▶ [WORK INSTRUCTION]
Give again, word for word, each line below starting at the one that contains "襟付きデザインとレースアップ" and ending at the one that contains "Incluye cuchara de".

▶ [EXTRACTED MATERIAL]
- Opening Delimiter -
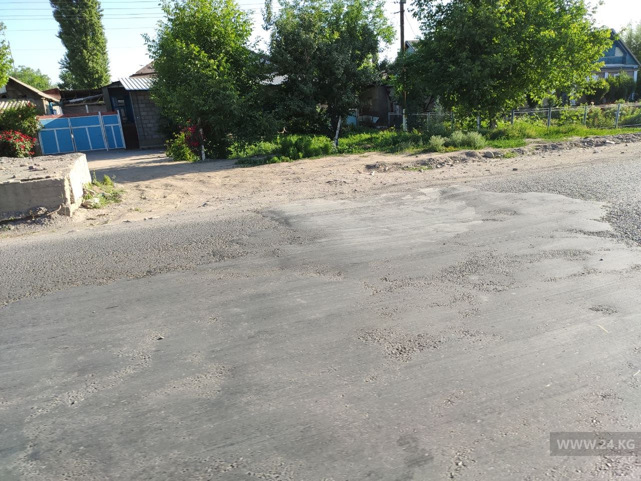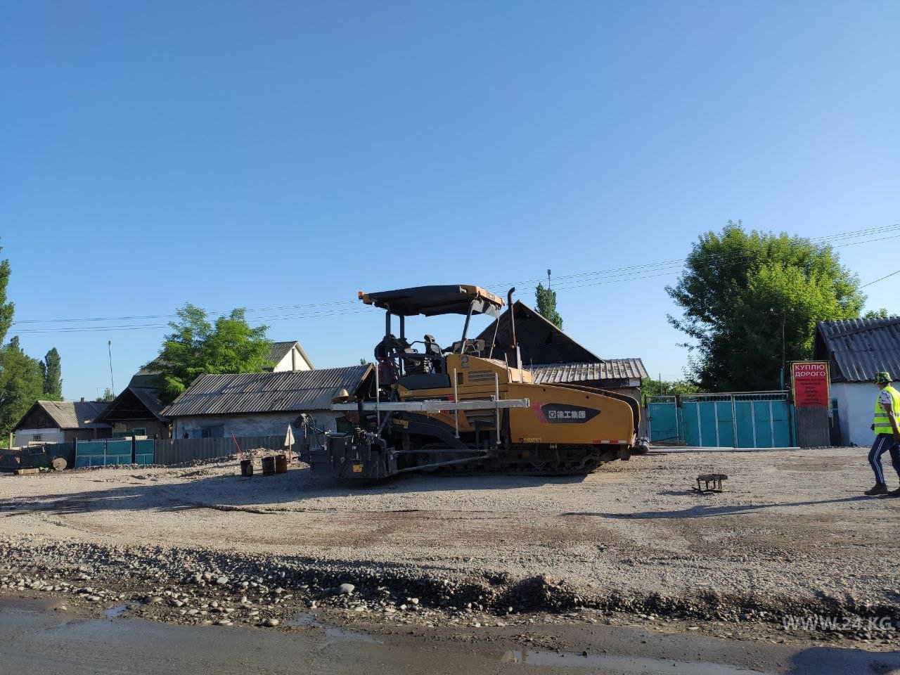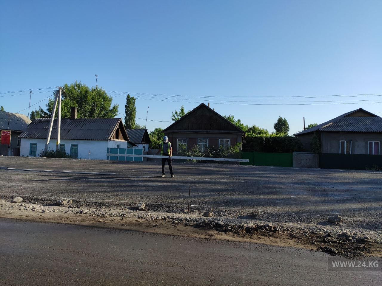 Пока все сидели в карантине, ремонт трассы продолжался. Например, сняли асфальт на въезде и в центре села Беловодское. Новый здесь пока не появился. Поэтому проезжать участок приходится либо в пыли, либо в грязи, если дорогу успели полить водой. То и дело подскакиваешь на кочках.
- Closing Delimiter -
- Opening Delimiter -
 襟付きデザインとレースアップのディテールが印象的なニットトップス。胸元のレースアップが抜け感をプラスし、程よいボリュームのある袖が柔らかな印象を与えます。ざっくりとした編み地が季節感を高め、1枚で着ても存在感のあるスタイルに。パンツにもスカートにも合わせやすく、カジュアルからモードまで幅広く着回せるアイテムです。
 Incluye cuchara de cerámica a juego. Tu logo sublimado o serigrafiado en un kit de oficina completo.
- Closing Delimiter -
▶ [FINISHED TASK]
 襟付きデザインとレースアップのディテールが印象的なニットトップス。胸元のレースアップが抜け感をプラスし、程よいボリュームのある袖が柔らかな印象を与えます。ざっくりとした編み地が季節感を高め、1枚で着ても存在感のあるスタイルに。パンツにもスカートにも合わせやすく、カジュアルからモードまで幅広く着回せるアイテムです。
 Incluye cuchara de cerámica a juego. Tu logo sublimado o serigrafiado en un kit de oficina completo.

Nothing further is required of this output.